The test received a passing grade, with qualifications. Not only we did complete the project, we were able to repeat a rather precise measurement of the (well-known) cross-section for Z boson production, which would have failed if the archive and the accompanying information had been unusable. That said, there is room for improvement: small things were missing, including some calibration information and some simulated data. The biggest issue is perhaps the format for the data storage (difficult to use and unpack for a typical user).

It’s important to recognize that the persons in charge of Open Data at CMS have a huge and difficult job; they have to figure out how to write the nearly impossible handbook I referred to above. It’s therefore crucial that people like our group of theorists actually use the open data sets now, not just after the LHC is over. Now, when the open data sets are still small, is the time to figure out what information is missing, to determine how to improve the data storage, to fill out the documentation and make sure it has no gaps. We hope we’ve contributed something to that process.

The Future

Should others follow in our footsteps? Yes, I think, though not lightly. In our case, five experts required two years to do the simplest possible study; we could have done it in one year if we’d been more efficient, but probably not much less. Do not underestimate what this takes, both in terms of understanding the data and learning how to do statistical analysis that most people rarely undertake.

But there are studies that simply cannot be done without real data, and unless you can convince an experimentalist to work with you, your only choice may be to dive in and do your best. And if you are already somewhat informed, but want to learn more about how real experimental analysis is done, so you can appreciate more fully what is typically hidden from view, you will not find a better self-training ground. If you want to take it on, I suggest, as an initial test, that you try to replicate our measurement of the Z boson cross-section. If you can’t, you’re not ready for anything else.

I should emphasize that Open Data is a resource that can be used in other ways, and several groups have already done this. In addition to detailed studies of jets carried out on the real data by my collaborators, led by Professor Jesse Thaler, there have been studies that have relied solely on the archive of simulated data also provided by the CMS Open Data project. These have value too, in that they offer proving grounds for techniques to be applied later to real data. Since exploratory studies of simulated data don’t require the extreme care that analysis of real data demands, there may be a lot of potential in this aspect of the Open Data project.

In the end, our research study, like most analyses, is just a drop in the huge bucket of information learned from the LHC. Its details should not obscure the larger question: how shall we, as a community, maintain the LHC data set so that it can continue to provide information across the decades? Maybe the Open Data project is the best approach.  If so, how can we best support it?  And if not, what is the alternative?

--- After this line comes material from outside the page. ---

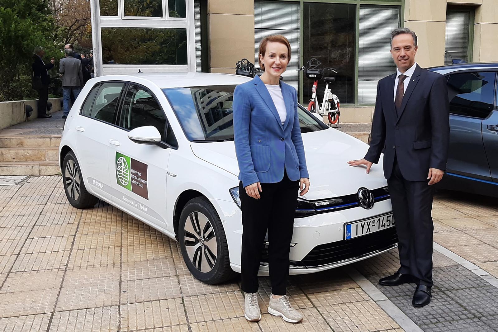 Ένα Volkswagen e-Golf είναι ανάμεσα στα πρώτα τρία ηλεκτρικά αυτοκίνητα που παρέλαβε για τις ανάγκες του το Υπουργείο Περιβάλλοντος και Ενέργειας. Τα αυτοκίνητα παρουσιάστηκαν σε ειδική εκδήλωση από τη Γενική Γραμματέα Ενέργειας και Ορυκτών Πρώτων Υλών Αλεξάνδρα Σδούκου, παρόντος του Υπουργού Κωστή Χατζηδάκη, ο οποίος δήλωσε σχετικά: «Έχουμε μια φιλόδοξη “πράσινη” ατζέντα. Ξεκινάμε από εμάς τους ίδιους και γι’ αυτόν τον λόγο αποφασίσαμε και πήραμε τρία ηλεκτρικά αυτοκίνητα ενώ τοποθετήσαμε φορτιστή έξω από το υπουργείο. Παράλληλα, αποκτήσαμε ηλεκτρικά ποδήλατα τα οποία, όπως και τα αυτοκίνητα, θα χρησιμοποιούνται για τις μετακινήσεις των υπαλλήλων μας».
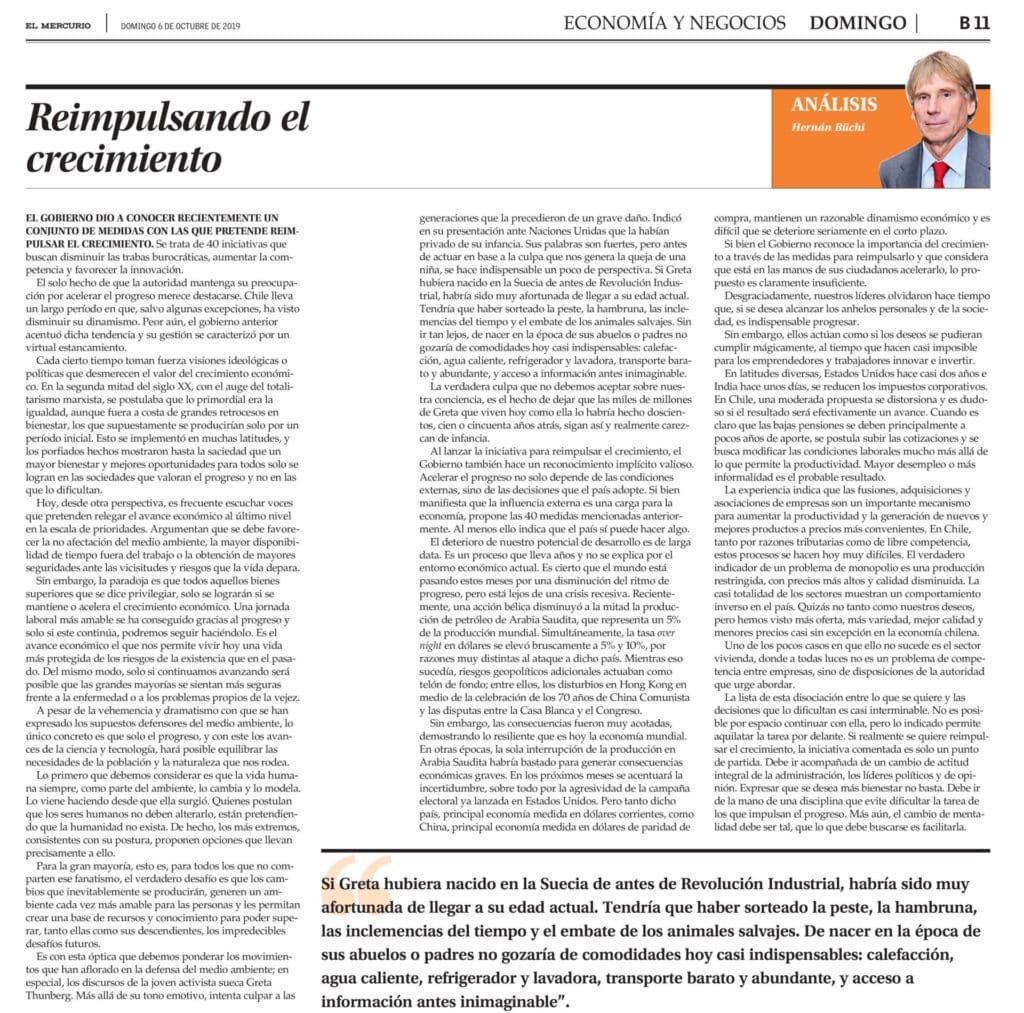 Columna de Hernán Büchi, Consejero de Libertad y Desarrollo, publicada en El Mercurio.-

25 responses to “The Importance and Challenges of “Open Data” at the Large Hadron Collider

  1. I am all for it if it helps to evaluate the data and bring them in competition with the original goals, for instance by judging the nature of what is thought being examined. In other words, helps to avoid falling into the naturalistic fallacy trap, meaning getting away from the original goals further and further.

  2. Pingback: The Importance and Challenges of “Open Data” at the Large Hadron Collider – I Fuckin' Love Science Teams Up With The Science Channel To Curate The Best Science Content On The Web | I Fuckin' Love Science

  3. Thomas A. Modesto, MD

    Dr. Strassler, thank you for taking your time and energy to maintain this site. For someone who loves physics but realized I was not smart enough to continue therein, it is an excellent way to learn the state of things. I particularly thank you for not pretending that some of the spectulative hypothses presented by some other physicists are actual facts with evidence behind them I have one question: are you going to write a book with these topics? If you are might I request you include some of the math involved so I can better understand where the conclusions come from. I realize you do not wish to overwhelm people with the math, but even if you put it in optional sections it would be helpful. I have read several books on QM (though not QFT) so can follow to that level. Sincerely, Tom Modesto

  4. Michael Sarnowski

    A time limit on data hording would be nice. Sometimes ancient texts and artifacts have been kept in secret a long time. Sometimes hundreds of years.

  5. Karl Hoffman

    Trying to get someone to adopt your method for ten years is the same as my trying for ten years to get someone to examine the Enhanced Big Bounce theory.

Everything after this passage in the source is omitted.